Это сказано в начале романа, когда автор уточняет: “Отправляясь на поиски, я не знаю, что встречу по пути”.

И вот еще: “Бабушка — ключ к разгадке моих противоречий”.

Иными словами, Щербина не затевает литературных игр с читателем, она доверяется читателю, она позволяет ему пройти этот путь с ней, а что лежит в основе желания пойти по избранному пути, что на этот путь выводит, она не таит.

Мысль о том, что русская революция — порождение бесовщины, что она не родилась и не выплеснулась из глубин русской жизни, а навязана России извне европейским “якобинством” и европейским империализмом, — не нова и не лишена определенного смысла, но это далеко не вся правда. И когда нам рисуют благостную картину развития России накануне Первой мировой войны, забывая, что русский народ уже стоял на баррикадах 1905 года, картина эта тоже далека от истины, как далеки от истины сегодняшние бодрые телевизионные картинки. Как наивно рассуждать о европейском империализме, забывая о русском. Наконец, в русской жизни хватало “крокозябьего” безобразия, подлости, человеческого унижения, безнадеги, порождавших народный бунт.

И среди людей, приходивших в революцию, было немало умных, талантливых, честных и благородных, искренне веривших в человеческий смысл происходящего, надеявшихся, как и автор романа в 90-е годы, что “Россия сбросит лягушачью шкуру и обернется румяной царевной”. И не вина этих людей, что плодами революции воспользовалась бесовщина.
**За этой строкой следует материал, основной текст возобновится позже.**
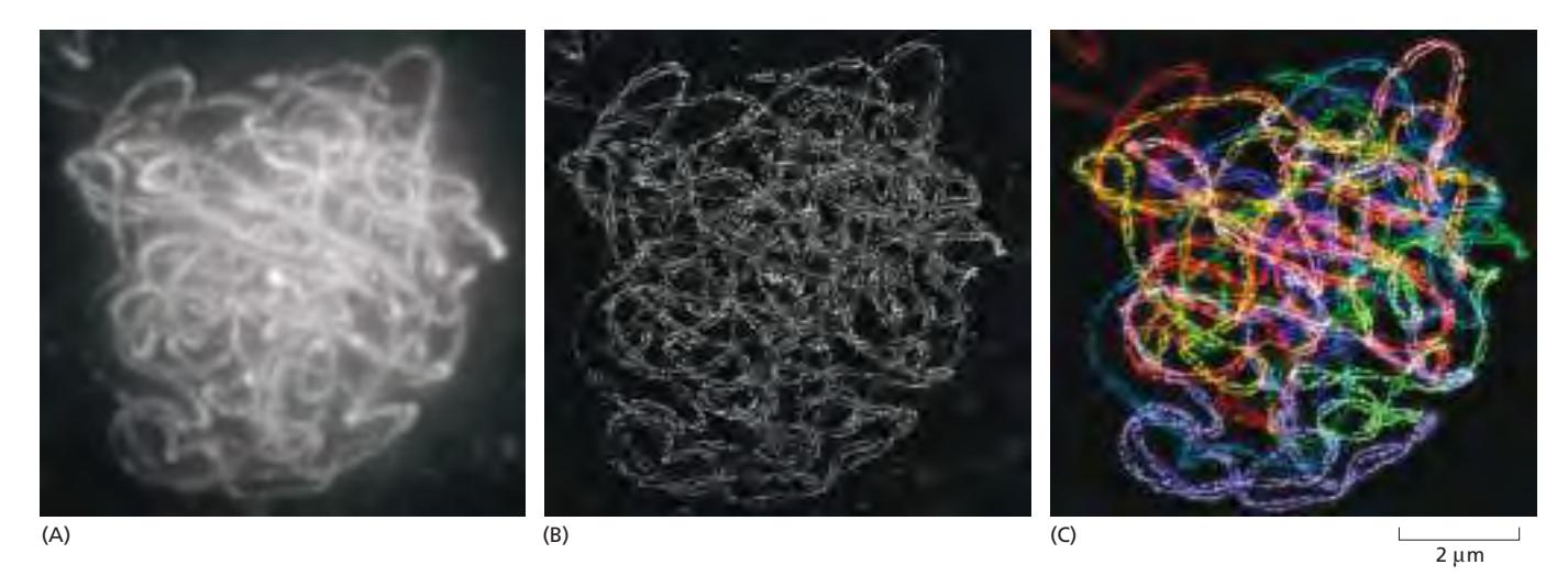 표본: Maize cell의 pachytene 단계 meiotic chromosomes의 three-dimensional projections 염색: Synaptonemal complexes의 paired lateral elements를 보여줌

И, кстати заметить, именно эти люди пережили трагическое разочарование, утрату смысла, потерю веры намного раньше той массы, которая лишь мерзавцу согласна “отдаться в полное его распоряжение”, как было процитировано выше.

Я бы сказал, что роман Щербины — в значительной степени — рассказ об этом трагическом прозрении.

Но вот что обращает на себя внимание — полная противоположность семей: той, о которой автор повествует в рассказе “Крокозябры”, и той, которой посвящен роман. Ведь есть, казалось бы, общие черты: не все члены семьи одинаково относятся к событиям, происходящим в их жизни, в жизни страны (что по-человечески естественно и нормально), не все одинаково (что тоже понятно) ведут себя в разных обстоятельствах. Да и семейные связи, кровное родство или неродство, присутствуют в истории каждой из этих семей.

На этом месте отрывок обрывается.